Turn that Down! PDF Author: Lewis Grossberger
Publisher: Emmis Books
ISBN: 9781578602155
Category : Fiction
Languages : en
Pages : 240

Book Description
Chronicles loud music from its colicky infancy and troubled adolescence smack into its midlife crisis and beyond.

Hysterical Men

Hysterical Men PDF Author: Paul Frederick Lerner
Publisher: Cornell University Press
ISBN: 9780801440946
Category : History
Languages : en
Pages : 356

Book Description
Paul Lerner traces the intertwined histories of trauma and male hysteria in German society and psychiatry and shows how these concepts were swept up into debates about Germany's national health, economic productivity, and military strength in the years surrounding World War I. From a growing concern with industrial accidents in the 1880s through the shell shock "epidemic" of the war, male hysteria seemed to bespeak the failings of German masculinity.
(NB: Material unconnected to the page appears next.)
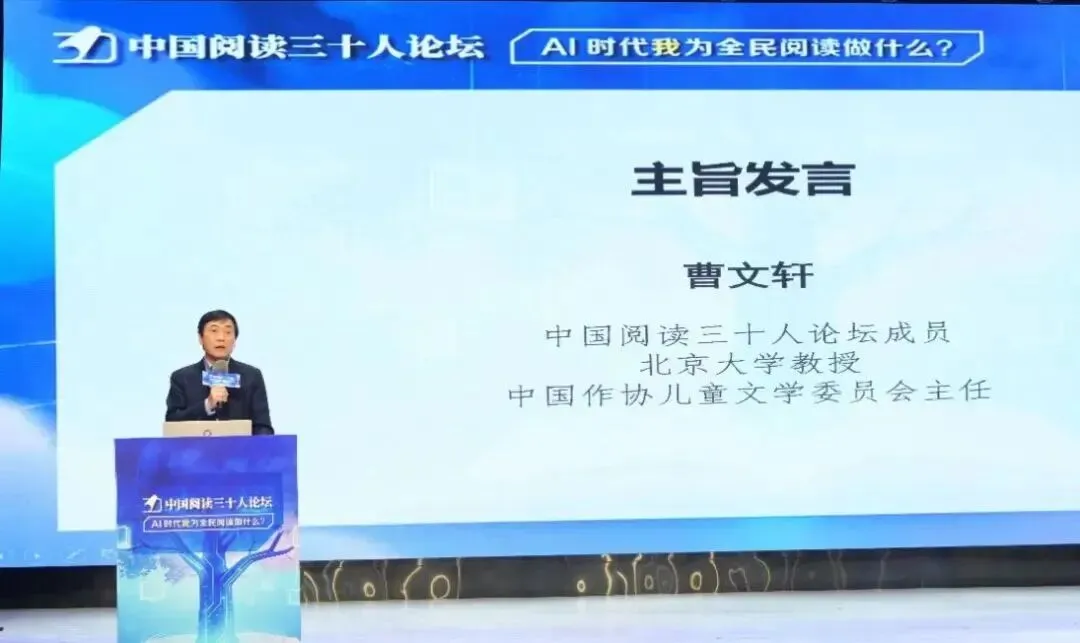 ▲中国阅读三十人论坛成员曹文轩作主旨发言

In response, psychiatrists struggled to turn male-hysterical bodies into fit workers and loyal political subjects. Medical approaches to trauma valorized work and productivity as standards of male health, and psychiatric treatment--whether through hypnosis, electric current, or suggestion--concentrated on turning debilitated soldiers into symptom-free workers. These concerns endured through the Weimar period, as "nervous veterans" competed for disability compensation amid the republic's political crises and economic upheavals. Hysterical Men shows how wartime psychiatry furthered the process of medical rationalization. Lerner views this not as a precursor to the brutalities of Nazi-era psychiatry, but rather as characteristic of a more general medicalized modernity. The author asserts, however, that psychiatry's continual skepticism toward trauma resonated powerfully with the radical right's celebration of war and violence and its supposedly salutary effects on men and nations.